Immobilienübertragung und Unklarheiten bei der Preisgestaltung
Ein weiterer Teil dieser Behauptungen bezieht sich auf die Übertragung einiger Immobilien und Vermögenswerte in der Freihandelszone Arvand. Vom alten Gebäude der Organisation — das früher als „Hotel Azadi“ bekannt war — über die Insel „Chami“ in Minushahr bis hin zum Schlamcheh-Dock werden Vermögenswerte genannt, deren Übertragung vorgeschlagen wurde.
Rücktritt der Verwaltung und Fortsetzung der Unklarheiten
Schließlich, laut diesen Erzählungen, wurde ein erheblicher Teil der Verträge und Vereinbarungen zu diesen Projekten vor dem Rücktritt der damaligen Verwaltung mit Zahlungen abgeschlossen, und der betreffende Manager ist in den letzten Tagen zurückgetreten.
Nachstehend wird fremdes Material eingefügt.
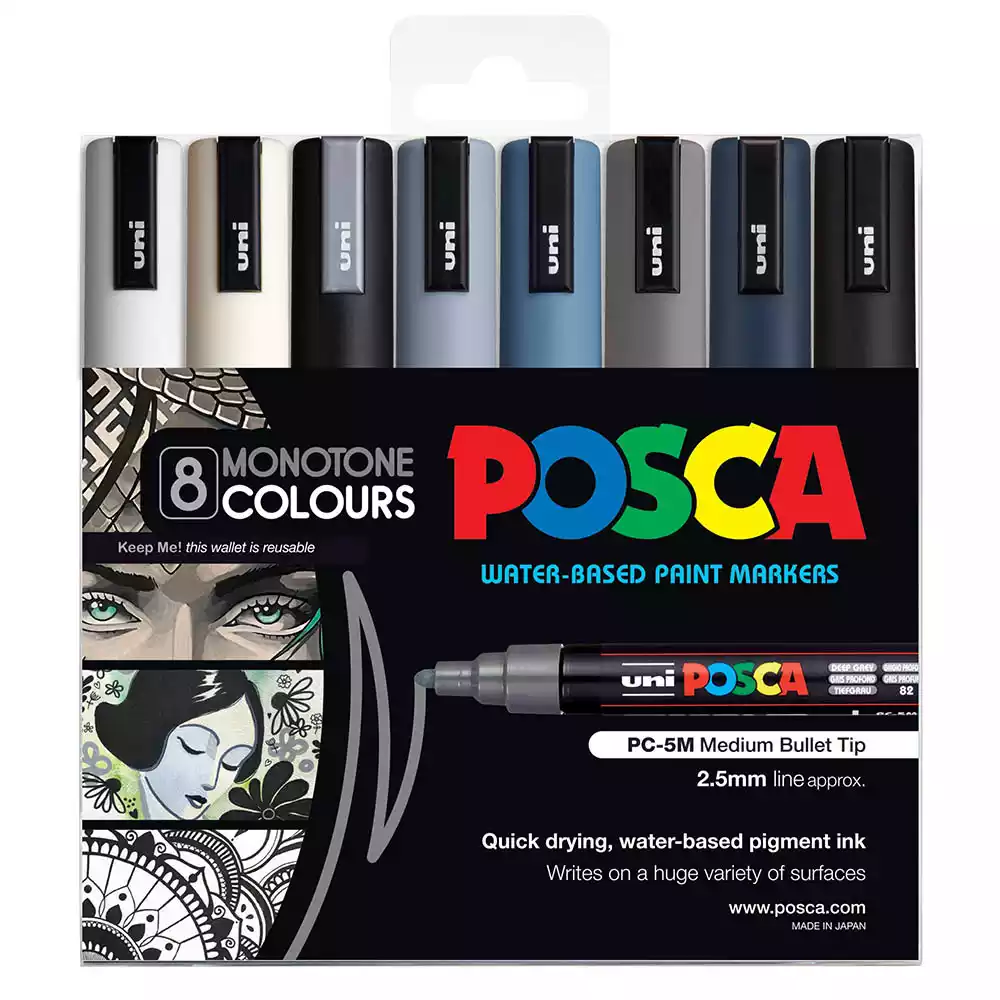 POSCA PC-5M PAINT MARKER BULLET MEDIUM 2.5MM ASSORTED MONOTONE COLOURS PACK 8
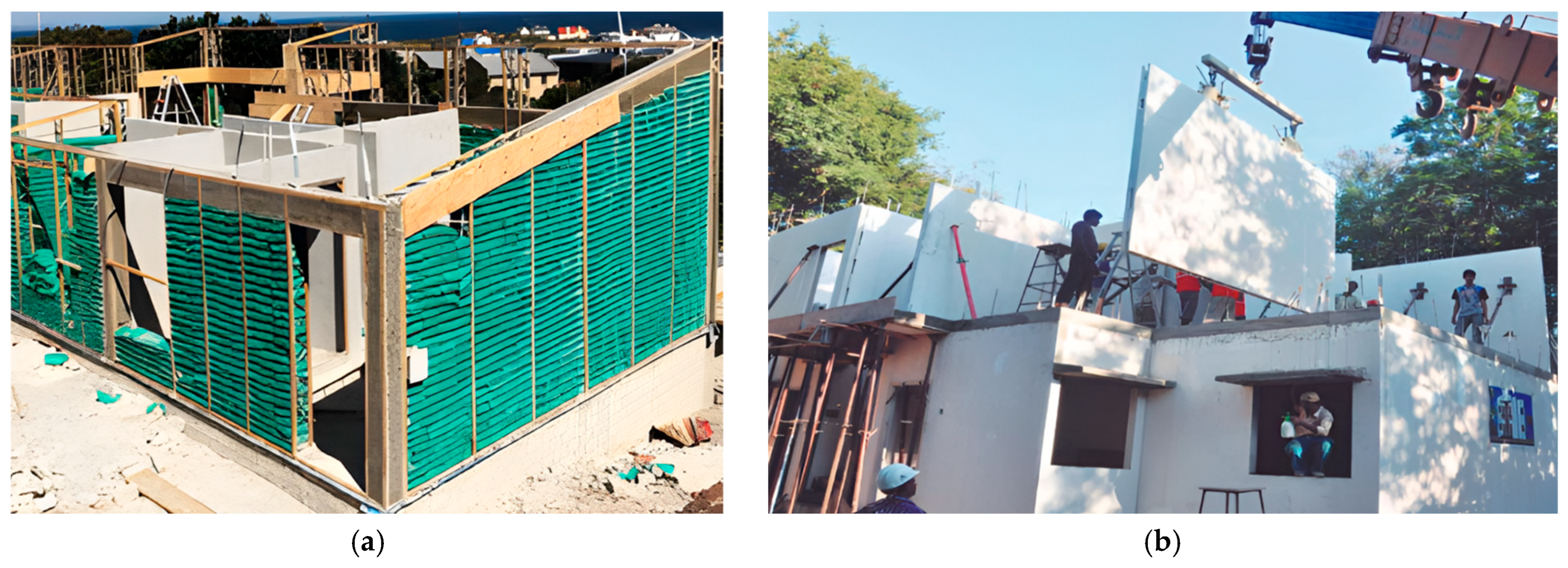 - Patil, D.; Bukhari, S.A.; Minde, P.R.; Kulkarni, M.S. Review on comparative study of diverse wall materials for affordable housing. Mater. Today Proc. 2023, 77, 823–831. [Google Scholar] [CrossRef]
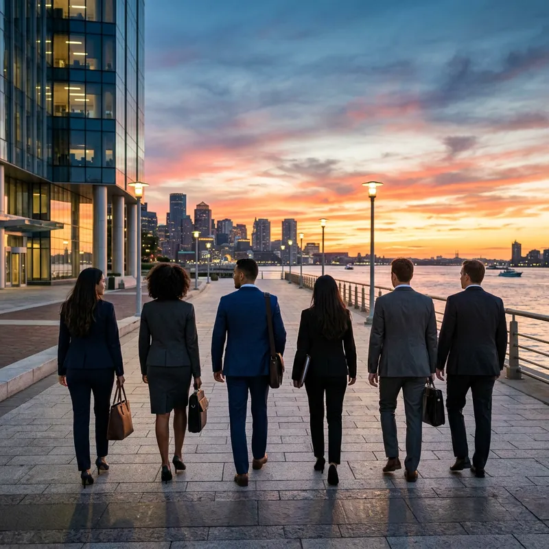 Diverse Multi-Ethnic Bankers Walking into the Sunset

Es wird gesagt, dass einige lokale Akteure und Interessengruppen Treffen mit den Provinz- und lokalen Behörden, einschließlich des Vertreters des Obersten Führers und des Freitagsimam, abgehalten haben, um den Status der Verträge zu verfolgen und sich über die Auswirkungen dieser Entscheidungen auf die Beschäftigung in der Region Sorgen zu machen.
Es wird behauptet, dass der zurückgetretene Manager in ein Unternehmen, das mit Shasta verbunden ist, versetzt wird, obwohl der Name des Unternehmens und die Details dieser Ernennung nicht offiziell bekannt gegeben wurden.